▸ **THE RECORDS**:
┌──

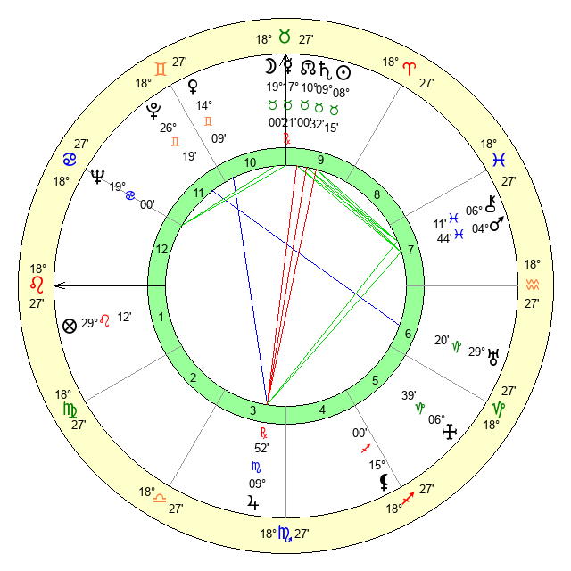 Moon | 19 Taurus 1 | 6 Gemini 33 | 23 Cancer 54 |
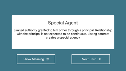 This app is a Vocabulary Flashcards app that will help you study for your Real Estate Exam. Learn all the important words and it's meaning to pass the test. Very simple to use. Remember, as the exam questions come at you randomly, the Flashcards will show the vocabulary in random order.
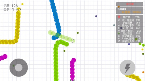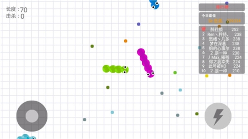 控制摇杆走位玩家的小蛇,吃掉地图上彩色的小光点,就会变长。
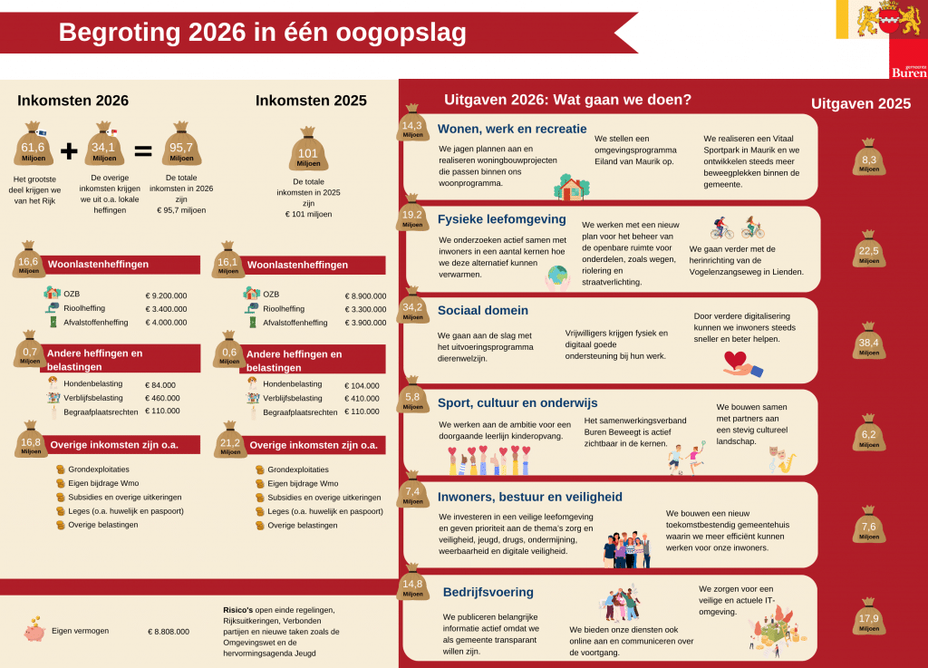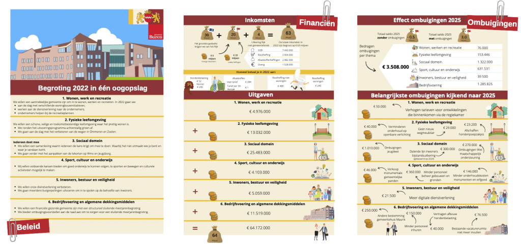 Waar geeft gemeente Buren haar geld aan uit? En wat wil ze daarmee bereiken? Dat zijn de belangrijkste vragen waar deze begroting antwoord op moet geven.
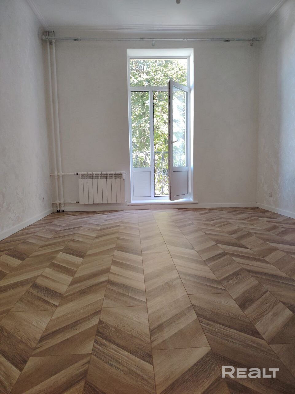Заменены все коммуникации - электрическая проводка, канализация, сантехника, газовые и электрические счётчики, сняты старые полы и сделана стяжка, уложена плитка и ламинат. Выровнены и оклеены стены. Квартира светлая, чистая. Окна выходят во двор. Сохранена оригинальная лепнина на потолках. Отсутствуют межкомнатные двери!
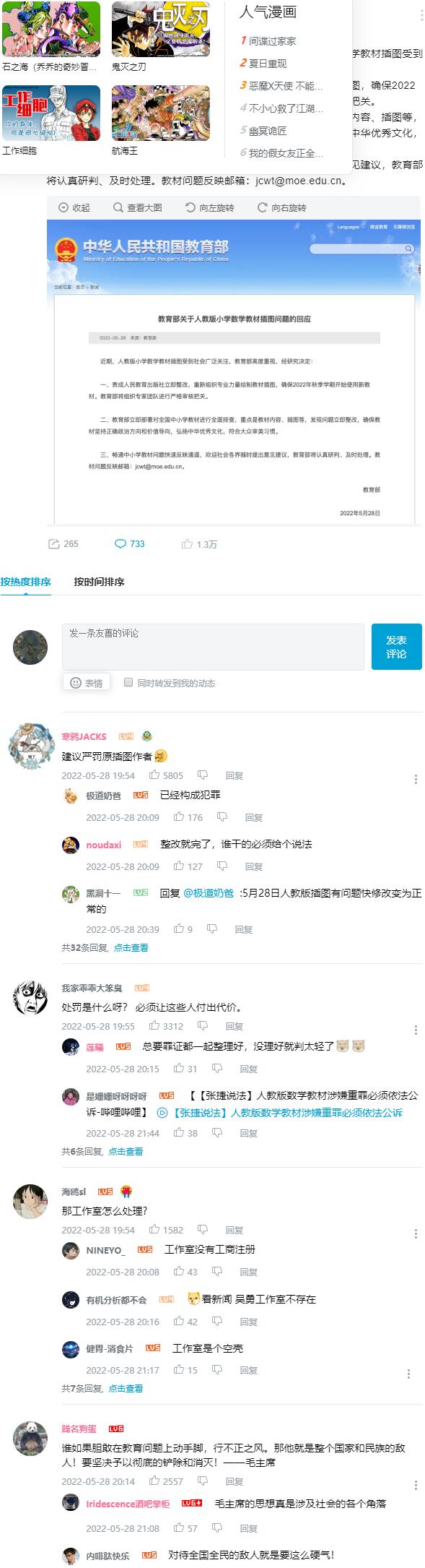 二、教育部立即部署对全国中小学教材进行全面排查,重点是教材内容、插图等,发现问题立即整改,确保教材坚持正确政治方向和价值导向,弘扬中华优秀文化,符合大众审美习惯。
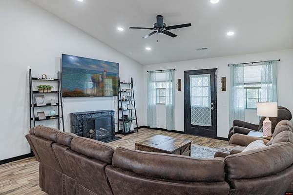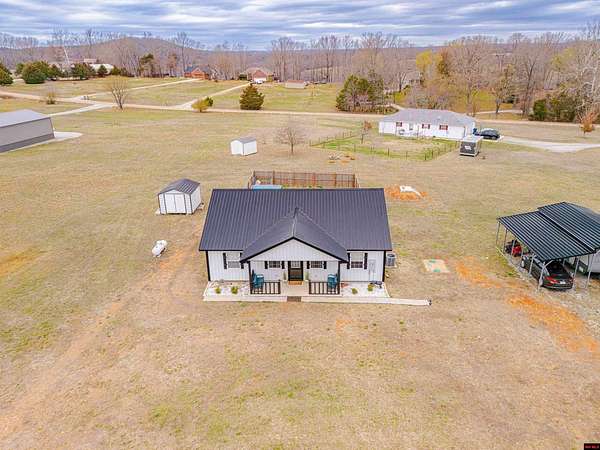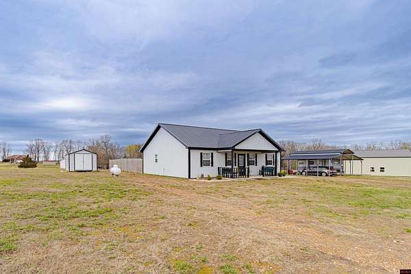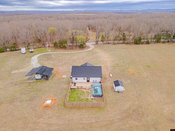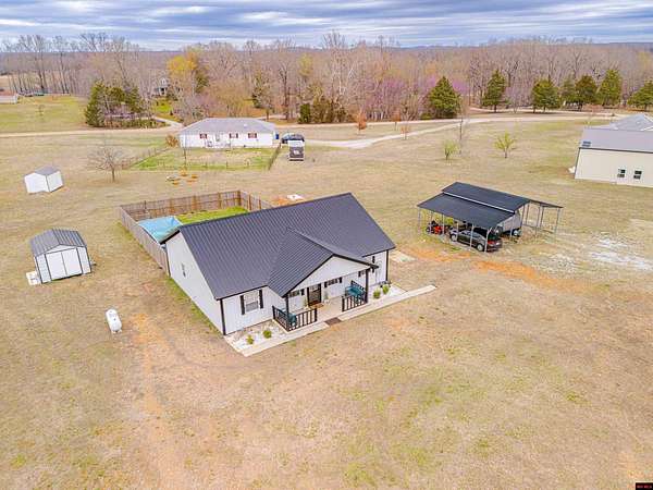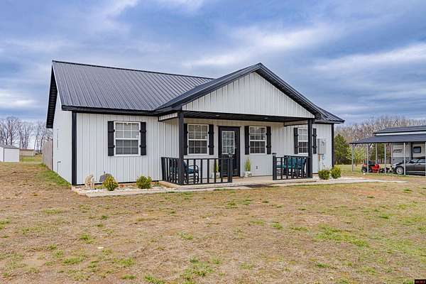 Built in 2024, this clean and inviting 3-bedroom, 2-bath home offers 1,280 sq ft of comfortable living space on 2.18 acres m/l. Located just minutes from the famous White River public launch area and a public launch on Bull Shoals Lake, this property is ideal for anyone who loves fishing, boating, and the outdoors. The home features durable metal siding and a bright, open interior with a cozy fireplace in the living room. The kitchen includes beautiful butcher block countertops and plenty of room for cooking and gathering. The primary bedroom offers a spacious walk-in closet for added, enjoy a nice front patio and a backyard deck perfect for relaxing or entertaining. The property also includes a fenced-in privacy yard, an above-ground pool, and a three-car carport with plenty of space for vehicles, boats, or storage. The home is serviced by city water and septic. A great opportunity to own a newer home with acreage just minutes from some of the best fishing and lake access in the area!

└──

▸ **WHAT NEEDS TO BE DONE**: Stop after the line containing "This app is": copy the records exactly from the first line up to there, leaving pictures out.

▸ **EXERCISE RESULT**:
 Moon | 19 Taurus 1 | 6 Gemini 33 | 23 Cancer 54 |
 This app is a Vocabulary Flashcards app that will help you study for your Real Estate Exam. Learn all the important words and it's meaning to pass the test. Very simple to use. Remember, as the exam questions come at you randomly, the Flashcards will show the vocabulary in random order.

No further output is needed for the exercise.